Interaction of receptor-activity-modifying protein1 with tubulin

• Published in: Biochimica et biophysica acta Vol. 1770; no. 8; pp. 1145 - 1150
• Main Authors: Kunz, Thomas H., Mueller-Steiner, Sarah, Schwerdtfeger, Kerstin, Kleinert, Peter, Troxler, Heinz, Kelm, Jens M., Ittner, Lars M., Fischer, Jan A., Born, Walter
• Format: Journal Article
• Language: English
• Published: Netherlands Elsevier B.V 01.08.2007
• Subjects: Antigens, Viral, Tumor - physiology; Axons - metabolism; Calcitonin gene-related peptide; Calcitonin receptor-like receptor; Cell Line, Transformed; Cell Line, Tumor; Cell Transformation, Viral; Cloning, Molecular; Escherichia coli - genetics; Glutathione Transferase - metabolism; Humans; Intracellular Signaling Peptides and Proteins - chemistry; Intracellular Signaling Peptides and Proteins - genetics; Intracellular Signaling Peptides and Proteins - metabolism; Matrix-assisted laser desorption ionization time-of-flight mass spectrometry (MALDI-TOF-MS); Membrane Proteins - chemistry; Membrane Proteins - genetics; Membrane Proteins - metabolism; Microscopy, Confocal; Neuroblastoma - pathology; Neurons - metabolism; Precipitin Tests; Protein interaction; Protein Structure, Tertiary; Proteins - metabolism; Receptor Activity-Modifying Protein 1; Receptor Activity-Modifying Proteins; Receptor-activity-modifying protein; Recombinant Fusion Proteins - metabolism; Simian virus 40 - physiology; Spectrometry, Mass, Matrix-Assisted Laser Desorption-Ionization; Tubulin - chemistry; Tubulin - metabolism; Two-Hybrid System Techniques; β-tubulin; CTR; MALDI-TOF-MS; SDS; DTT; Receptor-activity-modifying protein; CLR; GST; PAGE; AM; β-tubulin; Calcitonin gene-related peptide; DMEM; RAMP; Protein interaction; CGRP; Calcitonin receptor-like receptor; Matrix-assisted laser desorption ionization time-of-flight mass spectrometry (MALDI-TOF-MS)

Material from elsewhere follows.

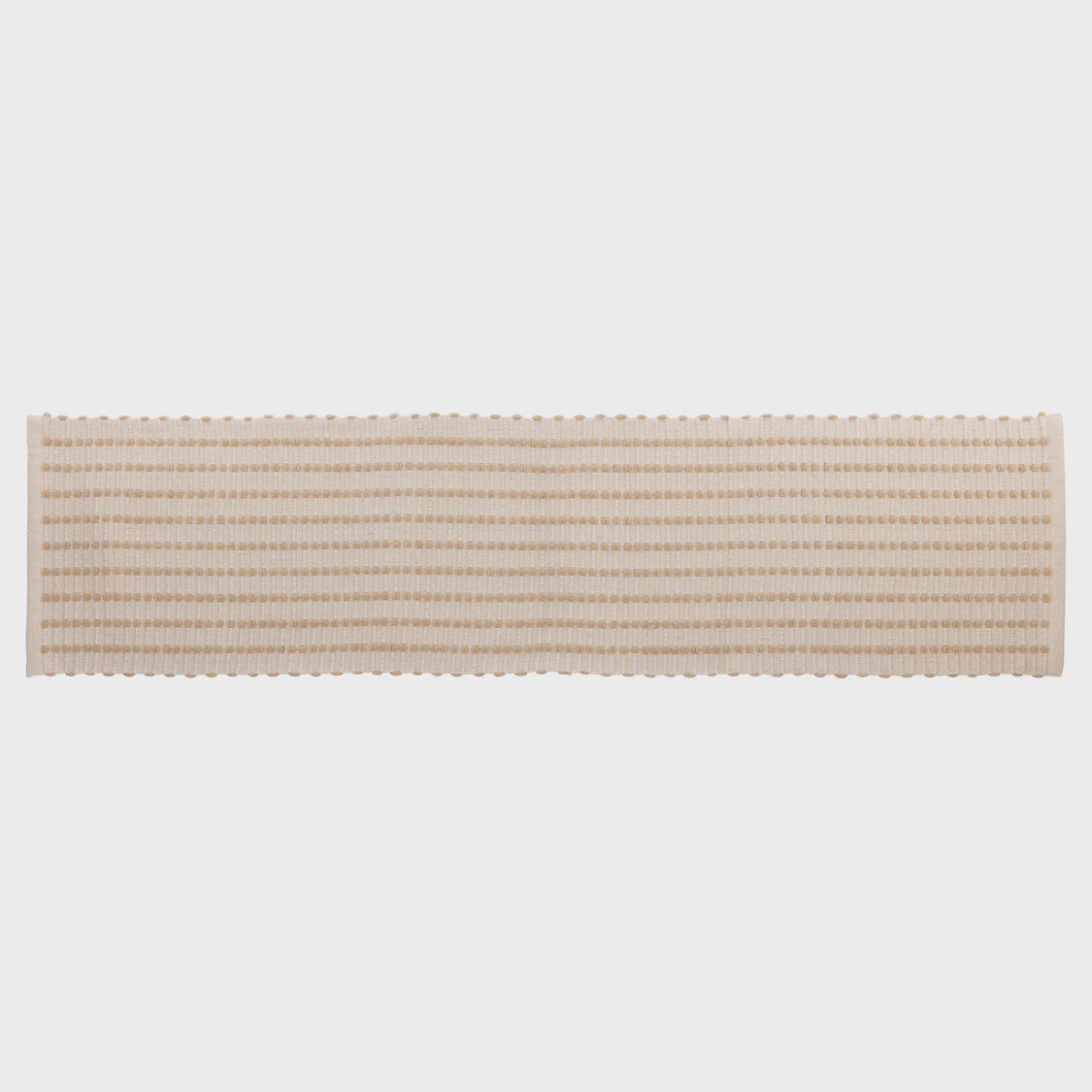 Featuring a natural blend of oat and tan, it boasts a woven design with scalloped edges for added detail.

• ISSN: 0304-4165; 0006-3002; 1872-8006
• DOI: 10.1016/j.bbagen.2007.04.002

Receptor-activity-modifying protein (RAMP) 1 is an accessory protein of the G protein-coupled calcitonin receptor-like receptor (CLR). The CLR/RAMP1 heterodimer defines a receptor for the potent vasodilatory calcitonin gene-related peptide. A wider tissue distribution of RAMP1, as compared to that of the CLR, is consistent with additional biological functions. Here, glutathione S-transferase (GST) pull-down, coimmunoprecipitation and yeast two-hybrid experiments identified β-tubulin as a novel RAMP1-interacting protein. GST pull-down experiments indicated interactions between the N- and C-terminal domains of RAMP1 and β-tubulin. Yeast two-hybrid experiments confirmed the interaction between the N-terminal region of RAMP1 and β-tubulin. Interestingly, α-tubulin was co-extracted with β-tubulin in pull-down experiments and immunoprecipitation of RAMP1 coprecipitated α- and β-tubulin. Confocal microscopy indicated colocalization of RAMP1 and tubulin predominantly in axon-like processes of neuronal differentiated human SH-SY5Y neuroblastoma cells. In conclusion, the findings point to biological roles of RAMP1 beyond its established interaction with G protein-coupled receptors.